La mia vita, come d’altra parte quella
delle mie sorelle e di mia madre, è certamente cambiata dopo quel 19
luglio, siamo cresciuti tutti molto in fretta ed abbiamo capito, da
subito, che dovevamo sottrarci senza “se” e senza “ma” a qualsivoglia
sollecitazione ci pervenisse dal mondo esterno e da quello mediatico in
particolare. Sapevamo che mio padre non avrebbe gradito che noi ci
trasformassimo in “familiari superstiti di una vittima della mafia”, che
noi vivessimo come figli o moglie di ….., desiderava che noi
proseguissimo i nostri studi, ci realizzassimo nel lavoro e nella vita, e
gli dessimo quei nipoti che lui tanto desiderava. A me in particolare
mi chiedeva “Paolino” sin da quando avevo le prime fidanzate, non oso
immaginare la sua gioia se fosse stato con noi il 20 dicembre 2007,
quando è nato Paolo Borsellino, il suo primo e, per il momento, unico
nipote maschio.
Oggi vorrei dire a mio padre che la
nostra vita è sì cambiata dopo che ci ha lasciati ma non nel senso che
lui temeva: siamo rimasti gli stessi che eravamo e che lui ben
conosceva, abbiamo percorso le nostre strade senza “farci largo” con il
nostro cognome, divenuto “pesante” in tutti i sensi, abbiamo costruito
le nostre famiglie cui sono rivolte la maggior parte delle nostre
attenzioni come lui ci ha insegnato, non ci siamo “montati la testa”,
rischio purtroppo ricorrente quando si ha la fortuna e l’onore di avere
un padre come lui, insomma siamo rimasti con i piedi per terra. E vorrei
anche dirgli che la mamma dopo essere stata il suo principale sostegno è
stata in questi lunghi anni la nostra forza, senza di lei tutto sarebbe
stato più difficile e molto probabilmente nessuno di noi tre ce
l’avrebbe fatta.
Mi piace pensare che oggi sono quello
che sono, ossia un dirigente di polizia appassionato del suo lavoro che
nel suo piccolo serve lo Stato ed i propri concittadini come, in una
dimensione ben più grande ed importante, faceva suo padre,
indipendentemente dall’evento drammatico che mi sono trovato a vivere.

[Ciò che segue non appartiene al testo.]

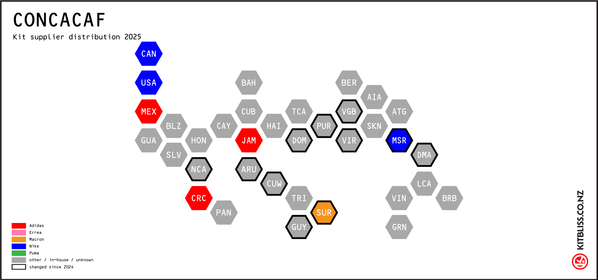 The following table shows each CONCACAF country and the brand that supplied their team kit as per their last game before 1 April 2025.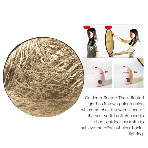1. Odcień światła wytwarzany przez złoty reflektor jest cieplejszy. Złoty reflektor jest częściej używany jako główne światło i jest często używany na portretach, aby skóra wyglądała zdrowiej i lśniła.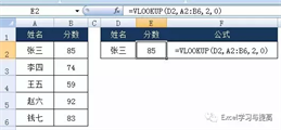 E2单元格中的公式是“=VLOOKUP(D2,A2:B6,2,0)”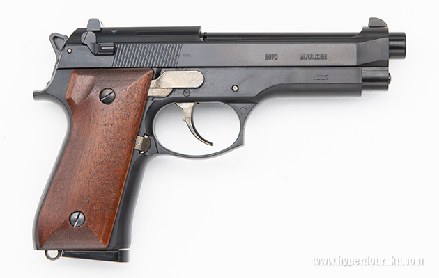 1985年にベレッタM92が米軍トライアルに勝って制式化されると、映画やドラマにも登場して日本国内でも一気に知名度と人気が向上した。マルゼンがモデルアップしたのは制式までの過渡期にあたる92SB-Fというモデル。木製グリップを付けると雰囲気が変わるのも面白い。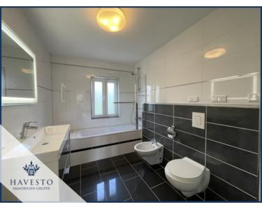 Das helle Tageslichtbad wurde vollständig erneuert und verfügt über eine Badewanne, Waschbecken und WC – modern, gepflegt und funktional gestaltet.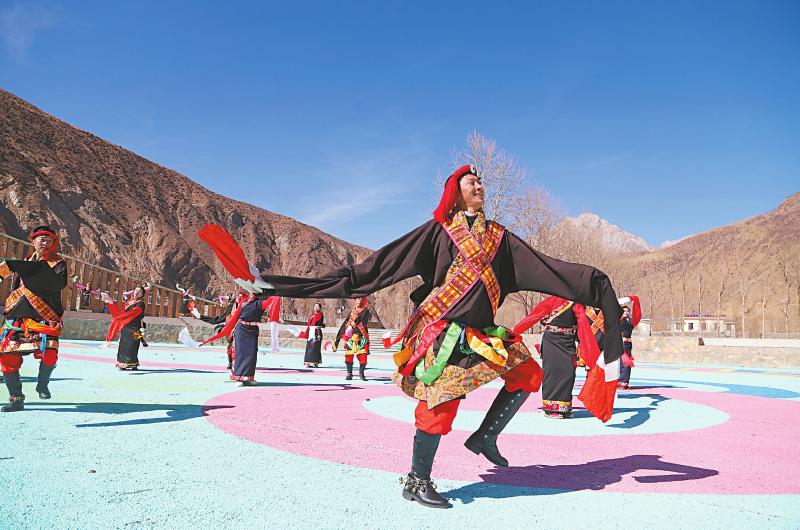 “来!我们再来一遍,两个节目连排,拿足气势,跳出劲头!”双拥大吼一声,男女队员迅速归位、整齐列队。悠扬的伴奏响起,长袖凌空划出弧线,舞步踏响青春节拍。丰收之后,农闲之时,迎春之日,乡亲们欢聚一堂、载歌载舞,这热闹祥和的场景,便是高原上最动人、最美好的时光。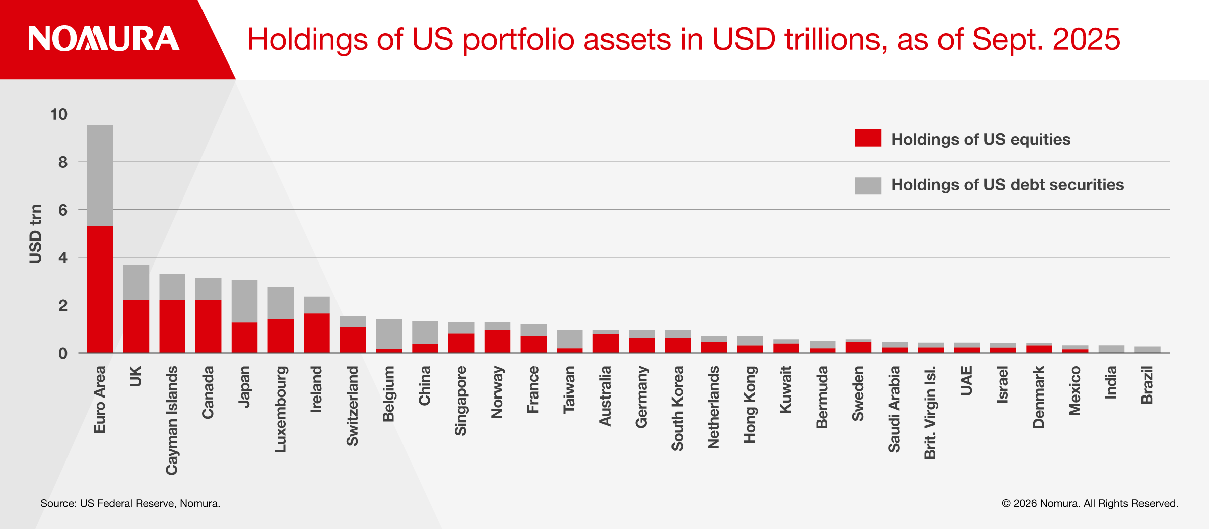 The heavier version of de-dollarization refers to a more structural decline in the broad USD index, including an erosion of the status of USD as the premier global reserve currency. Under the heavier version, foreign investors could start to de-risk from USD assets by selling existing USD holdings. De-risking could be sparked by a massive AI crash or the erosion of trust in US policies and institutions — including the rule of law and Fed independence — reaching a tipping point. However, the notion that there is currently no alternative to the depth and liquidity of US capital markets is a powerful counterargument to a sudden shift to the heavier version.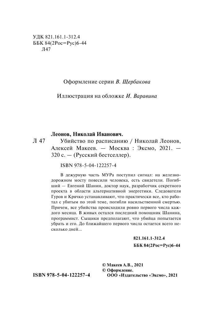 Книга: Убийство по расписанию (Леонов Николай Иванович, Макеев Алексей Викторович); ООО "Издательство "Эксмо", 2021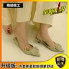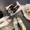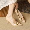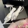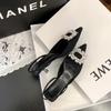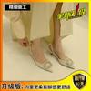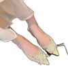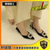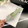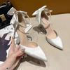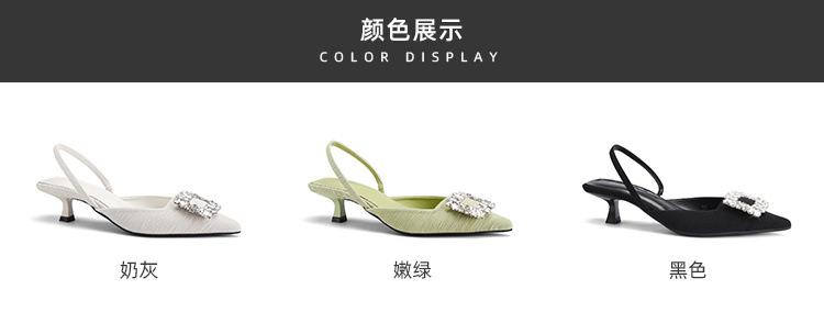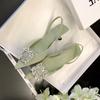 Flats de punta con hebilla cuadrada de pedrería para mujer con tacones medios delgados 2022 Verano Nuevo Estilo Sandalias de punta hueca para mujer con boca poco profunda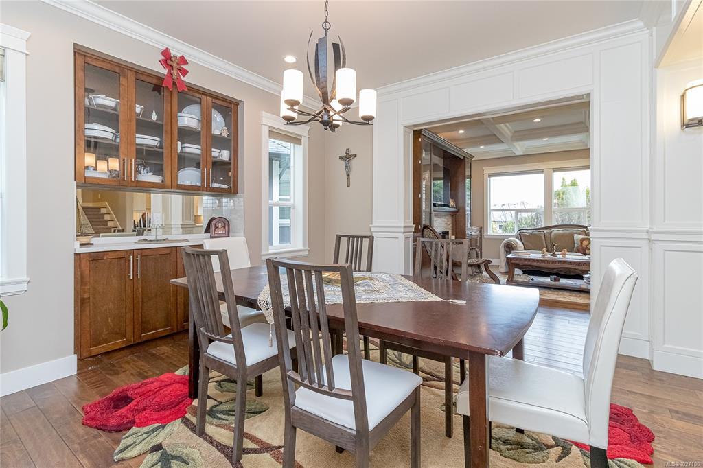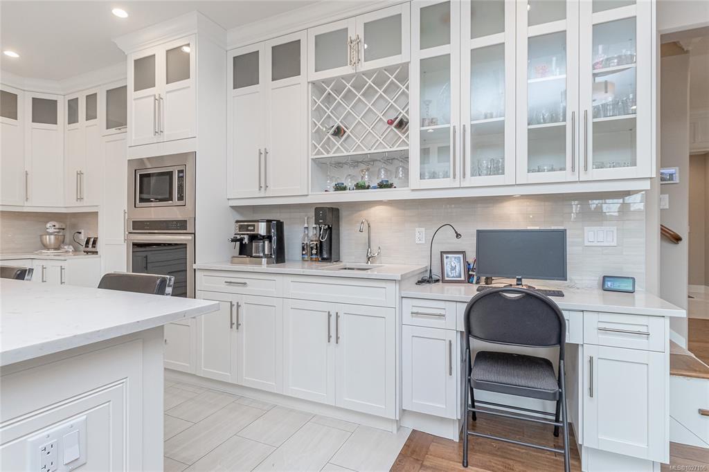 Executive and luxurious home perched at the top of World Class Bear Mountain Golf Resort. 4bed and an office, plus a legal 1bed suite above the garage. Gleaming hard wood floors, built in cabinetry, fireplace, coffered ceilings, wainscoting & panelled walls. White cabinetry kitchen w/large island, quartz countertops farmhouse sink built in wine rack, 5 burner gas stove, dual apron sinks & a massive hidden walk-in pantry. Upstairs find three LARGE bedrooms. Primary bedroom offers beautiful views, 2 oversized walk-in closets, built in vanity, dual sinks, large jetted soaker tub, walk-in rain hood shower, heated floors & quartz countertops. Suite is soundproofed w/its own side access & laundry set. Vaulted ceilings skylights heat pump crawl space security system hot water on demand extra storage & surround sound. The back yard has been tastefully landscaped, fully fenced w/ a dog run hot tub shed & covered BBQ shelter wired & heated roof. Exceptional location and exceptional layout!
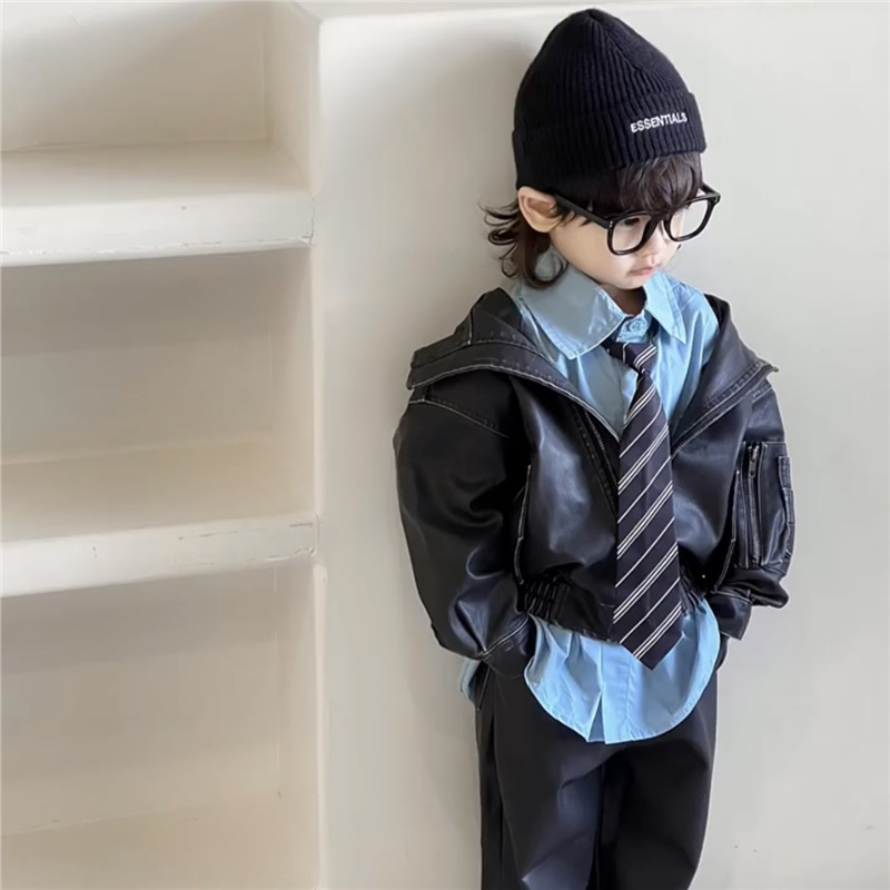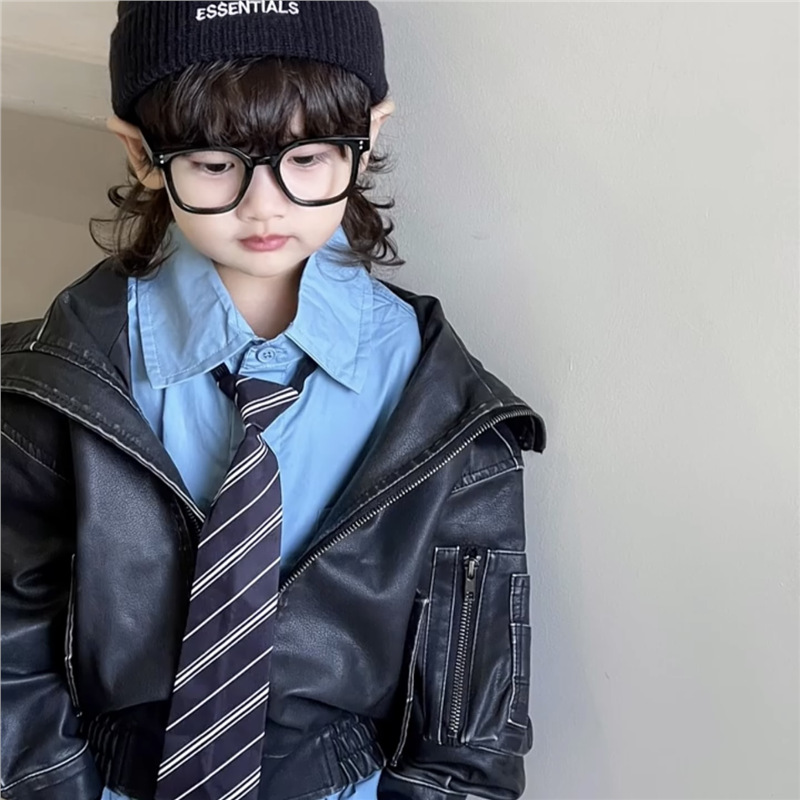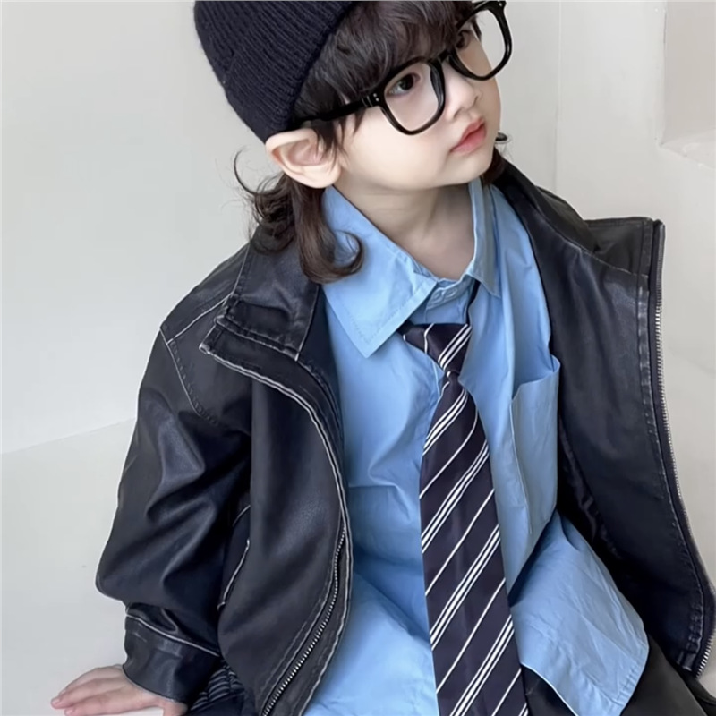 봄과 여름 2025 새로운 소년 넥타이 셔츠 한국 아동복 어린이 블루 셔츠 아기 소년 서양식 탑스토어 가기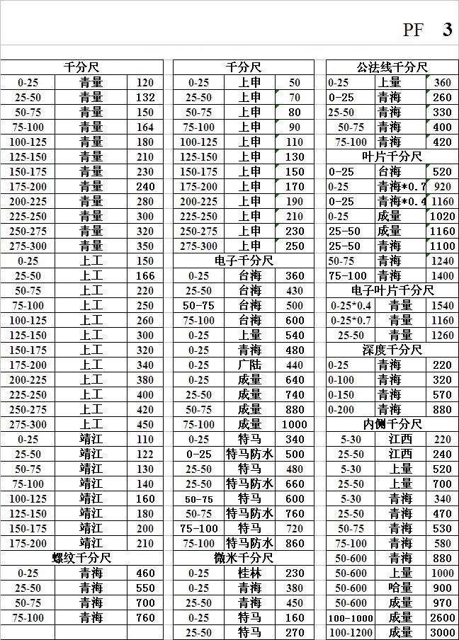 精密測量工具產(chǎn)品技術(shù)參數(shù)配件組成信息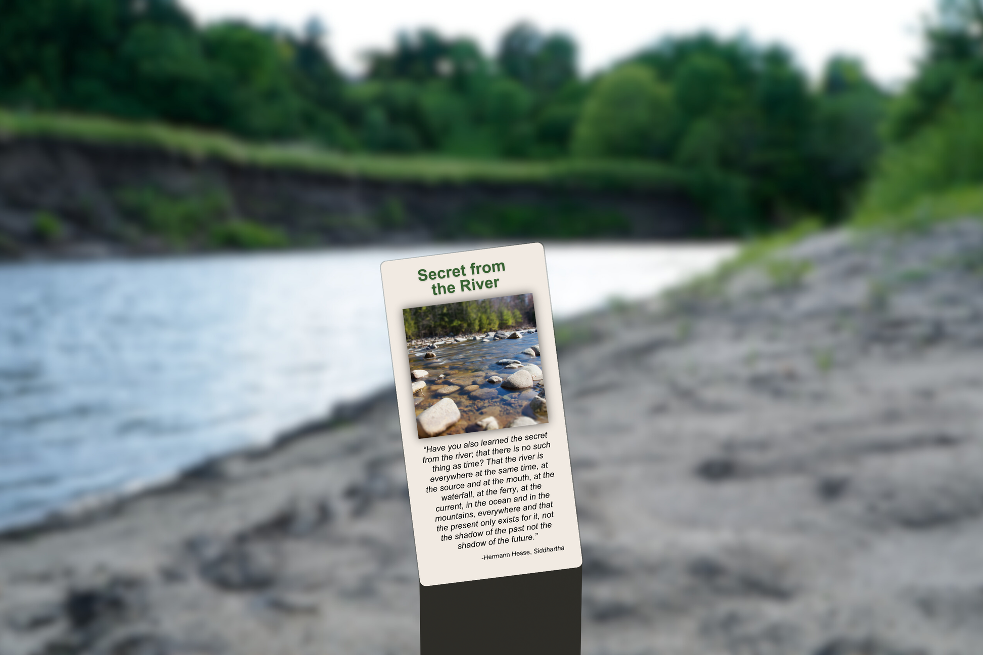 Sign Text: “Have you also learned the secret from the river; that there is no such thing as time? That the river is everywhere at the same time, at the source and at the mouth, at the waterfall, at the ferry, at the current, in the ocean and in the mountains, everywhere and that the present only exists for it, not the shadow of the past not the shadow of the future.” -Hermann Hesse, Siddhartha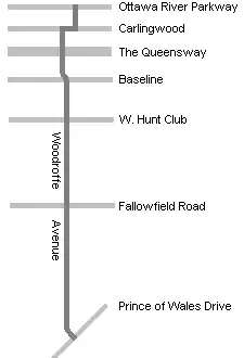 Woodroffe Avenue has a few unusual features. First, it changes alignment significantly at Carling Avenue, requiring a couple of turns. Second, the middle section south of Baseline Road includes dedicated bus lanes as it incorporates the Southwest Transitway. Finally, south of Hunt Club Road, it was quite narrow and very congested as it was a two-lane rural road heading towards Barrhaven. However, the road was recently widened to four lanes to improve traffic flow between Hunt Club Road and Fallowfield Road. A new section of the Transitway was recently built alongside this road.[1]

D’altra parte è certo quello che non sarei mai voluto diventare dopo la
morte di mio padre, una persona che in un modo o nell’altro avrebbe
“sfruttato” questo rapporto di sangue, avrebbe “cavalcato” l’evento
traendone vantaggi personali non dovuti, avrebbe ricoperto cariche o
assunto incarichi in quanto figlio di …. o perché di cognome fa
Borsellino. A tal proposito ho ben presente l’insegnamento di mio padre,
per il quale nulla si doveva chiedere che non fosse già dovuto o che
non si potesse ottenere con le sole proprie forze. Diceva mio padre che
chiedere un favore o una raccomandazione significa mettersi nelle
condizioni di dovere essere debitore nei riguardi di chi elargisce il
favore o la raccomandazione, quindi non essere più liberi ma
condizionati, sotto il ricatto, fino a quando non si restituisce il
favore o la raccomandazione ricevuta.
Ai miei figli, ancora troppo piccoli
perché possa iniziare a parlargli del nonno, vorrei farglielo conoscere
proprio tramite i suoi insegnamenti, raccontandogli piccoli ma
significativi episodi tramite i quali trasmettergli i valori portanti
della sua vita.
Caro papà, ogni sera prima di addormentarci ti ringraziamo per il dono più grande, il modo in cui ci hai insegnato a vivere.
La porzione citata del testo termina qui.